Big Fear Is Iranian Oil Disruption

The renewed conflict pushed West Texas Intermediate crude to $72 per barrel by Friday, a 12% weekly gain and its strongest performance in years, as investors priced in rising supply risks.

Riding the wave of higher oil prices, the Energy Select Sector SPDR Fund outperformed the S&P 500 by 6% last week—its biggest weekly outperformance since September 2024 and the second largest since October 2022.

"Thus far, at least, Israel has not directly targeted Iran's oil supply, which appears to be unaffected," said Matthew Ryan, head of market strategy at Ebury, in an emailed comment.

"The big fear for investors is that an escalation will not only raise the risk of a prolonged conflict, but it could disrupt Iranian oil production."
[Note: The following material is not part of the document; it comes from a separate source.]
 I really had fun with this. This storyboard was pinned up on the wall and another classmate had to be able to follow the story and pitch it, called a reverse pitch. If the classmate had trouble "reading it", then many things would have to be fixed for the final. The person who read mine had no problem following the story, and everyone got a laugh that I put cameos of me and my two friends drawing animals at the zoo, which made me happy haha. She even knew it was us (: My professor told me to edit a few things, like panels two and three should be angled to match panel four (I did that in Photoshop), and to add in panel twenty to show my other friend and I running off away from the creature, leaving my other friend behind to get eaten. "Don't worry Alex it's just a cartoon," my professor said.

The Goldman Sachs commodities team sees a rising geopolitical risk premium. In one modeled scenario, they assume Iran's output drops by 1.75 million barrels per day over six months due to infrastructure damage, with core OPEC+ offsetting only half of that.

In such a case, Brent could peak just above $90 before falling back to the $60s in 2026 as Iranian supply recovers.

Yet, Goldman's Daan Struyven also warned of more extreme outcomes. If broader regional production or logistics—especially in the Strait of Hormuz, the narrow passage that carries nearly 20% of global oil—are impacted, prices could exceed $100 per barrel.

"In that extreme tail scenario, OPEC+ may be unable to deploy enough spare capacity," Struyven said, highlighting that the oil market remains vulnerable to sudden shocks, particularly through chokepoints like Hormuz.